The following code should return a dictionary of the subject of all triples in the ontology. It, instead, returns the entire ontology as an XML string.

from SPARQLWrapper import SPARQLWrapper, JSON

sparql = SPARQLWrapper("http://purl.org/sudo/ontology/sudo.owl")
sparql.setQuery("""
    SELECT ?subject
    WHERE {?subject ?verb  ?object}
    """)

sparql.setReturnFormat(JSON)
results = sparql.query().convert()
print results.keys()

The above code works fine with a different ontology, which suggests that the ontology is the issue. I'm not sure what the issue with the ontology could be.

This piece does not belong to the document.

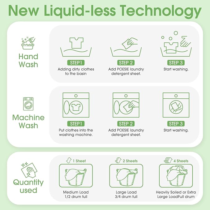 - Easy to Use - Liquidless detergent sheets, 1 sheet for small or medium loads where clothes are not very dirty, 2 sheets for large loads and 4 sheets for extra large loads, no waste. Not too little and not too much to save resources. Lighter Volume and Better Dissolving - the product is concentrated into a small piece, but has more powerful energy. And it can dissolve in water immediately, leaving your clothes fresh, clean and comfortable

I generated the ontology with Protege, it can load into vOWL, and it passes vOWL's ontology validation.

Answer 1

SPARQLWrapper()'s first argument should be a SPARQL endpoint address:

• sparqlwrapper can't perform SPARQL queries against RDF files.
• if you want to query against an RDF file, you should load it into a local store using rdflib.

from rdflib import Graph

g = Graph()
g.parse("http://purl.org/sudo/ontology/sudo.owl", format="xml")

qres = g.query("""
    SELECT DISTINCT ?s {
        ?s ?p ?o
    }""")

for row in qres:
    print("%s" % row)

If you really need SPARQL query results in JSON format (spec):

import sys
from rdflib import Graph
from rdflib.plugins.sparql.results.jsonresults import JSONResultSerializer

g = Graph()
g.parse("http://purl.org/sudo/ontology/sudo.owl", format="xml")

qres = g.query("""
    SELECT DISTINCT ?s {
        ?s ?p ?o
    }""")

JSONResultSerializer(qres).serialize(sys.stdout)

If you wish to abstract from RDF serialization, you should use owlready.